So I have a dataframe which looks like:
Target, Achieved, Goal, Remaining
10, 5, 50, 5
4, 5, 125, 0
3, 3, 100, 0
8, 2, 25, 6
I want to display this dataframe with visible info based on colors, Under this criteria:
- If goal is achieved I just wanted row to be green regardless of how surpassed goal actually is. So the whole 2nd and 3rd rows would be the same green color
- If goal is not achieved, I want to color them based on heatmap. So here I want 4th row to be a darker shade (of lets say red) than 1st row since I am missing more on that row's goal.
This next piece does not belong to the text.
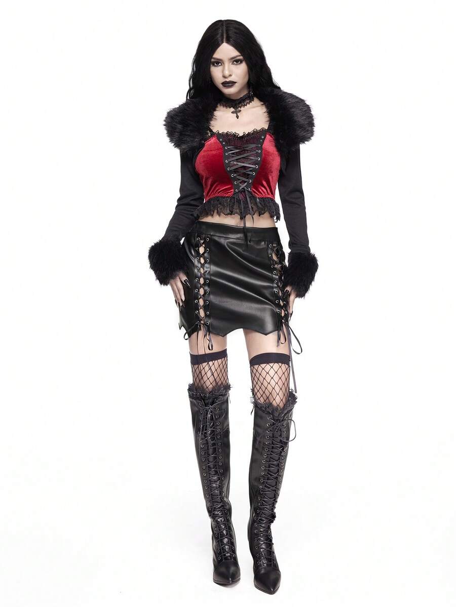 Goth Christmas Leather Metal Hollow Out Lace-Up Bat Hem Women Low Waist Tight Fit Mini Skirt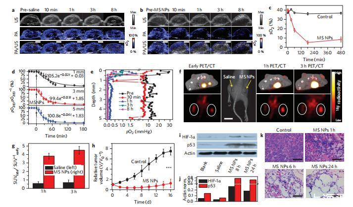 然后,在雙側4T1異種移植腫瘤小鼠身上評估了MS NPs作為體內DOA用于腫瘤饑餓療法的潛在資格,在右側腫瘤內注射MS NPs,在左側腫瘤內注射生理鹽水作為對照。通過多波長光聲(PA)和B型超聲(US)圖像的聯(lián)合注冊,實時定量監(jiān)測瘤內血氧飽和度(sO2)的變化,即血紅蛋白結合氧的水平。對照組的sO2值幾乎保持不變,約為37%,與注射前持平(圖5a,c),這證實了4T1實體瘤在此期間的輕微缺氧性質,以及生理鹽水本身對瘤內sO2的影響微乎其微。值得注意的是,從注射MS NPs十分鐘后開始,sO2就急劇下降,這種下降趨勢一直持續(xù)到三小時,瘤內血氧幾乎被完全清除(圖5b、c),這表明HbO2被有效脫氧。同時,金標準氧微電極顯示,腫瘤組織中溶解的游離氧也同樣被徹底清除(圖5d、e)。瘤內溶解氧原始微輪廓的明顯波動表明,實體瘤中的氧分布是不均勻的,而在注射MSNP后,這種不均勻性被大幅消除,達到了持久的零氧張力。從理論上講,細胞生長的有利微環(huán)境主要依賴于血紅蛋白結合氧和組織內溶解氧之間的平衡,因此腫瘤內這兩種氧的完全耗竭將不可避免地導致嚴重缺氧以及隨后的細胞壞死和凋亡。

For single color, following function works perfectly: Thanks to the answer here
def highlight_col(x):
#copy df to new - original data are not changed
df = x.copy()
#set by condition
mask = df['Goal Completion (%)'] >= 100
df.loc[mask, :] = 'background-color: lightgreen'
df.loc[~mask,:] = 'background-color: pink'
return df
For a simple heatmap without excluding Goal completion condition, its possible via:
df.style.background_gradient(cmap='Reds')
But it:
- Includes whole dataframe
- Color by each column separately
- Cannot exclude rows with goals achieved
- Could not be used inside my above function (tried using:
df.loc[~mask,:] = 'background_gradient: Reds'
in last line but didn't work either.
P.S. My Dataframe isn't very large so I prefer table coloring itself from where I can select rows instead of having a whole new viz. Any suggestions bettering the situation are highly welcomed!